I am trying to merge 2 dataframes, with exact matching on some columns and as_of
matching on some other column (typically a date). The intention is very well described in this post (I'll copy paste the main content below):
Pandas: Approximate join on one column, exact match on other columns
The post above was answered ; only it dates back from 2016, before the introduction of pandas.merge_asof
. I believe there can be an easier answer now that it's been released.

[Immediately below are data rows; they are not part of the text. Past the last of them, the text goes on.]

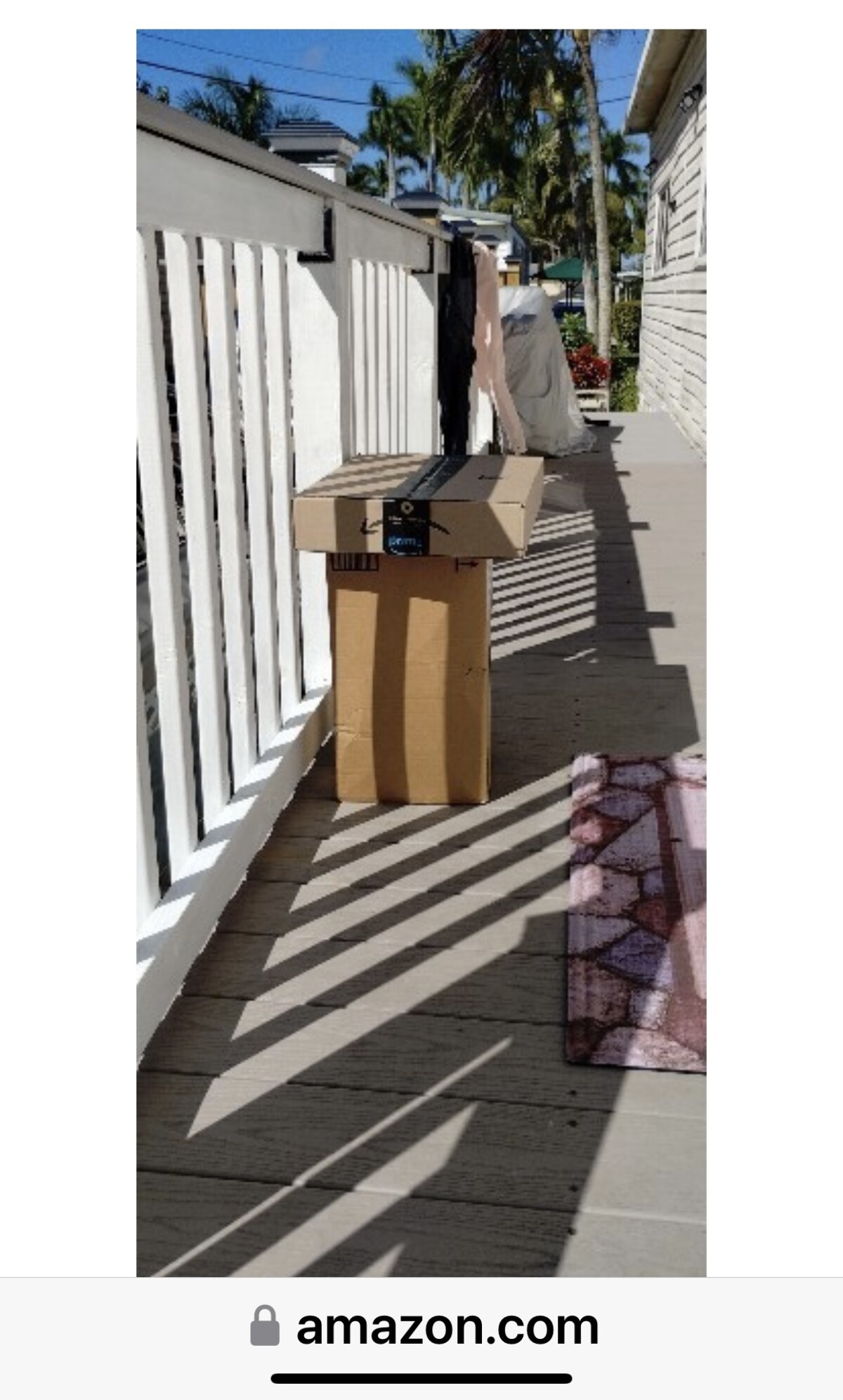There are 1,000 lots in this park, even if it got delivered in the right park, and the office personnel do not recognize the mobile home porch in the picture, so no clue which one got my mop and are enjoying the spendy Macadamian Nuts.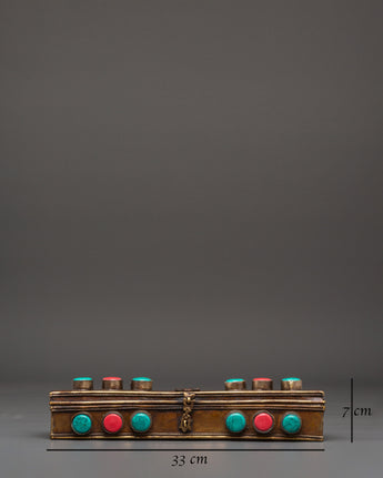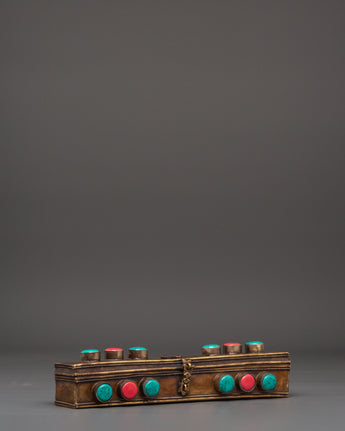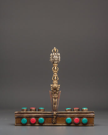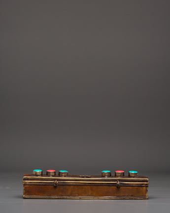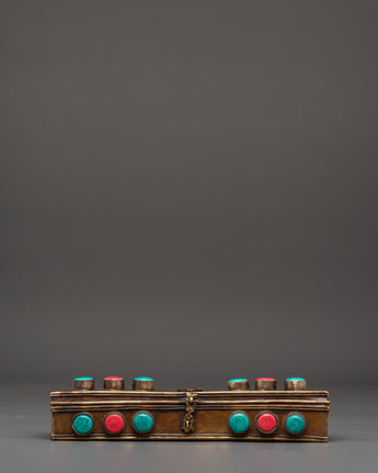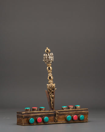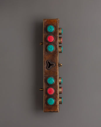 This Tibetan Phurba with Box is a powerful spiritual tool rooted in ancient Himalayan tradition, expertly crafted from brass and copper. Adorned with turquoise and coral stones, it serves as both a sacred ritual dagger and a captivating decorative piece. Perfect for enhancing your meditation space, tantric rituals, or altar, the Phurba is believed to channel protective energy and deepen spiritual practice. Housed in an elegant box, it offers a meaningful symbol of transformation and balance, making it an essential addition to any Buddhist or spiritual setup seeking authenticity and powerful symbolism.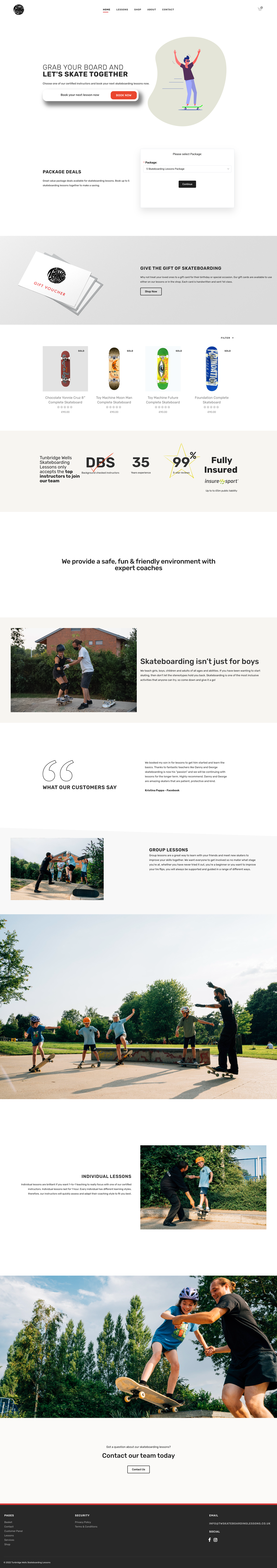 This project I worked on for Tunbridge Wells Skateboarding Lessons was to build a booking platform website with an online shop. The project was a huge success, as the new website dramatically improved the booking process and made it much simpler and more efficient for both customers and the business. By integrating a booking system and an online shop into the website, we were able to streamline the entire process, making it easier for customers to book lessons and purchase skateboarding equipment.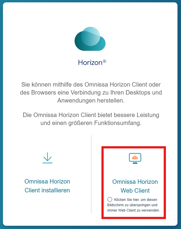 Virtual Desktop (VDI): Access via Omnissa Horizon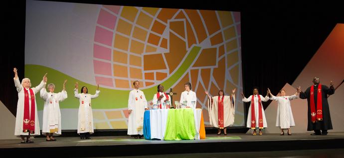 Les évêques président un culte de Sainte Cène lors du culte de clôture de l'assemblée. Photo de Mike DuBose, UMNS.

Brutal approach would be to merge as_of for each group of rows with the same values for the cols on which I want to merge exactly on. But is there a more elegant version?

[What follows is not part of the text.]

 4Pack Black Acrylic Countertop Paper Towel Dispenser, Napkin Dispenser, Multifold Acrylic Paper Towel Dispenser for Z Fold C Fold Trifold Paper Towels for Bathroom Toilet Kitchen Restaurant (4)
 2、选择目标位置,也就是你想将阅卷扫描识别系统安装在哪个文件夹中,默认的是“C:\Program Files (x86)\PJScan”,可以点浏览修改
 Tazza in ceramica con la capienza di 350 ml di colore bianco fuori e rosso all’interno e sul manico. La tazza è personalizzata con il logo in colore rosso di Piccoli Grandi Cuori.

Precise description of desired input and outputs:
Inputs
df1 = pd.DataFrame({'index': ['a1','a2','a3','a4'], 'col1': ['1232','432','432','123'], 'col2': ['asd','dsa12','dsa12','asd2'], 'col3': ['1','2','2','3'], 'date': ['2010-01-23','2016-05-20','2010-06-20','2008-10-21'],}).set_index('index')
df1
Out[430]:
col1 col2 col3 date
index
a1 1232 asd 1 2010-01-23
a2 432 dsa12 2 2016-05-20
a3 432 dsa12 2 2010-06-20
a4 123 asd2 3 2008-10-21
df2 = pd.DataFrame({'index': ['b1','b2','b3','b4'], 'col1': ['132','432','432','123'], 'col2': ['asd','dsa12','dsa12','sd2'], 'col3': ['1','2','2','3'], 'date': ['2010-01-23','2016-05-23','2010-06-10','2008-10-21'],}).set_index('index')
df2
Out[434]:
col1 col2 col3 date b_col
index
b1 132 asd 1 2010-01-23 1
b2 432 dsa12 2 2016-05-23 2
b3 432 dsa12 2 2010-06-10 3
b4 123 sd2 3 2008-10-21 4
Outputs:
col1 col2 col3 date b_col
index
a2 432 dsa12 2 2016-05-20 2
a3 432 dsa12 2 2010-06-20 3
NOTE 1: the reason why I need to do this is that I need something like groupby(...)[...].rolling(...).transform(...)
with latency which doesn't seem to exist yet, unless I am missing something?
NOTE 2: I want to avoid computing all couples and then filtering as the dataframe may get too big.